Personal information
- Nationality: Irish
- Born: 1 August 1894 Killarney, Ireland
- Died: 10 October 1977 (aged 83) Dublin, Ireland

Sport
- Sport: Athletics
- Event: Triple jump

= John O'Connor (triple jumper) =

Irish triple jumper

John O'Connor (1 August 1894 - 10 October 1977), also known as John Connor, was an Irish athlete and policeman. O'Connor would join the Royal Irish Constabulary and later the Royal Ulster Constabulary after the former's disbandment. Representing Ireland, he competed at the 1924 Summer Olympics in the men's triple jump but did not advance past the qualifying stages.

Domestically, he represented the sports club North Belfast Harriers. At the Irish National Championships he won five titles in the long jump, triple jump, and standing high jump. O'Connor retired from the police force in 1951 as the head constable and would live in Dublin until his death.
==Biography==
John O'Connor was born on 1 August 1894 in Killarney, Ireland. On 16 December 1913 he joined the Royal Irish Constabulary, the police force in Ireland, and would serve in Dublin and County Clare until its disbandment in 1922. After that, he would join the Royal Ulster Constabulary instead.

Domestically, he represented the sports club North Belfast Harriers.

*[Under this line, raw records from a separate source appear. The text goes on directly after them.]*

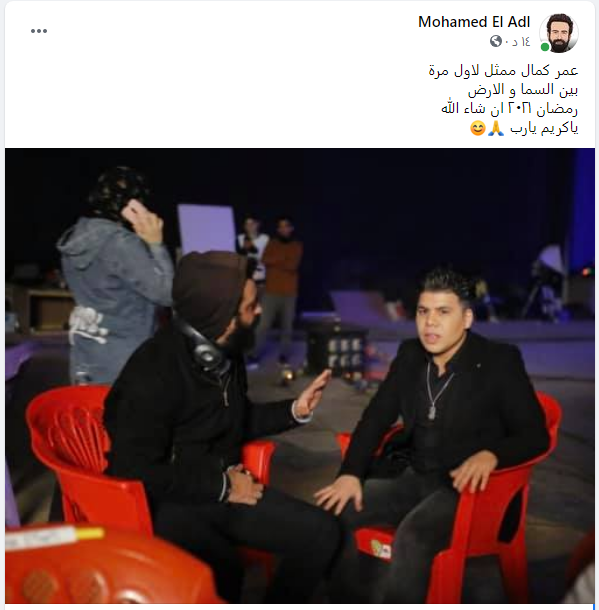 ونشر ماندو العدل صورة تجمعه بعمر كمال من كواليس المسلسل، عبر حسابه الشخصي بموقع التواصل الاجتماعي "فيس بوك"، وقال: “عمر كمال ممثل لأول مرة، بين السما والأرض، رمضان 2021 إن شاء الله، يا كريم يارب”.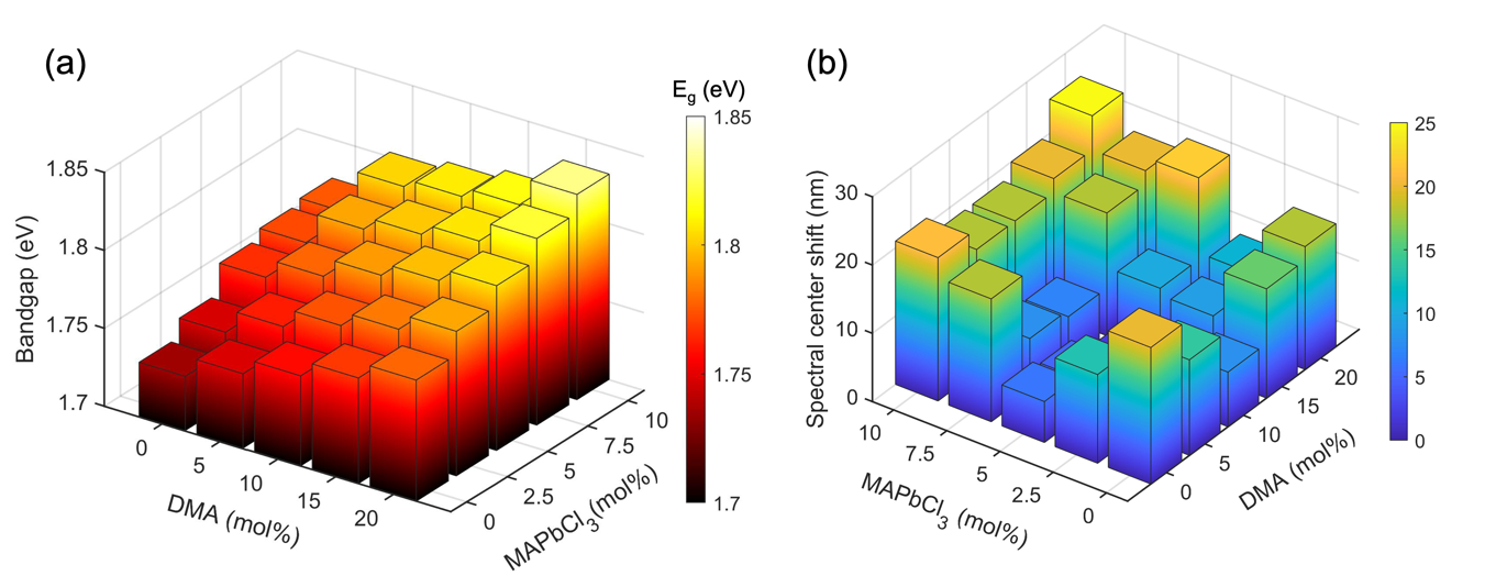 图1. 空间位阻工程实现带隙(a)和光稳定性(b)的协同调控。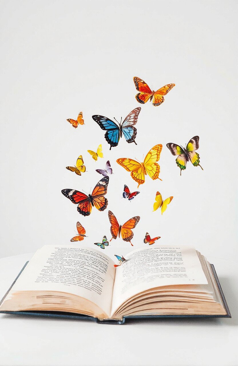 Butterflies fluttering out of a book create a scene of enchantment. It’s like a story coming to life. Great for children’s rooms!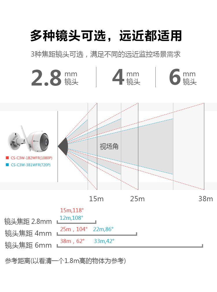 6mm@ F2.0, 水平視場(chǎng)角:54°,對(duì)角62° | ||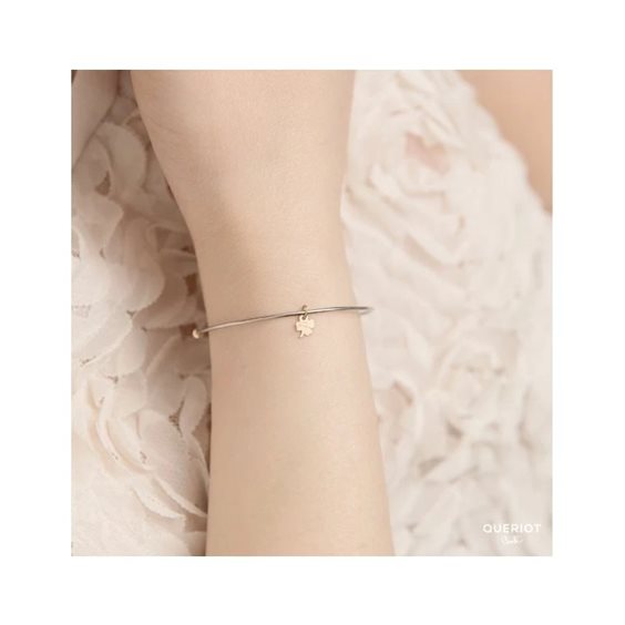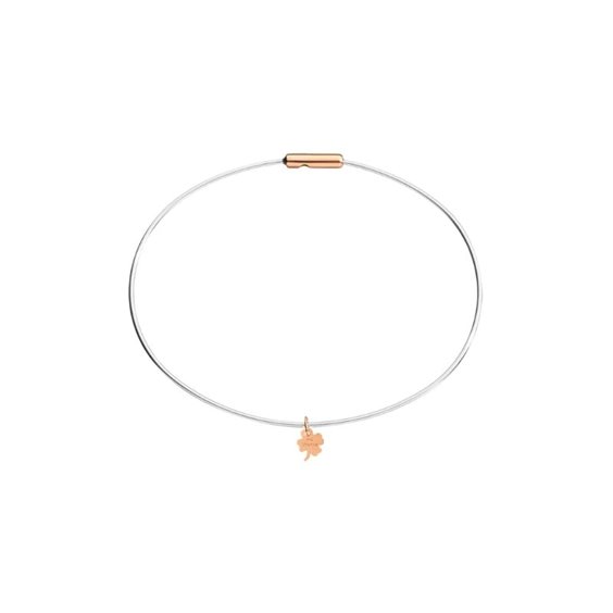 Bracciale rigido bangle in acciaio e oro rosa 18kt con con pendente quadrifoglio MISURA INTERNA CM 6.00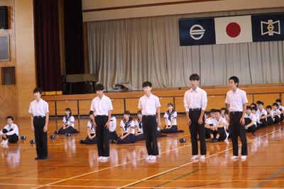 10月15日(火)に門川町勤労者体育センター周辺コースで行われる、「日向・東臼杵・西臼杵地区合同中学校駅伝大会」に出場する男子チーム、女子チームの皆さんです。駅伝主将 興梠 真人さんが挨拶をしました。

At the time he resided in Belfast, he would compete for Ireland at the 1924 Summer Olympics in Paris, France, for Ireland's first Olympic Games participation. There, he competed in the men's triple jump. In the qualifying round on 12 July, he recorded a distance of 13.990 metres and was placed fifth out of the nine competitors in that round; he did not qualify for the finals.

In his domestic sports career, he competed in the long jump, triple jump, and standing high jump. At the Irish Athletics Championships, he won five titles in each event, with his best distances in the long jump and triple jump being 6.97 metres and 14.45 metres, respectively. O'Connor retired from the police force in 1951 as the head constable. He lived in Dublin until his death on 10 October 1977 at the age of 83. He was buried at Rooske Cemetery.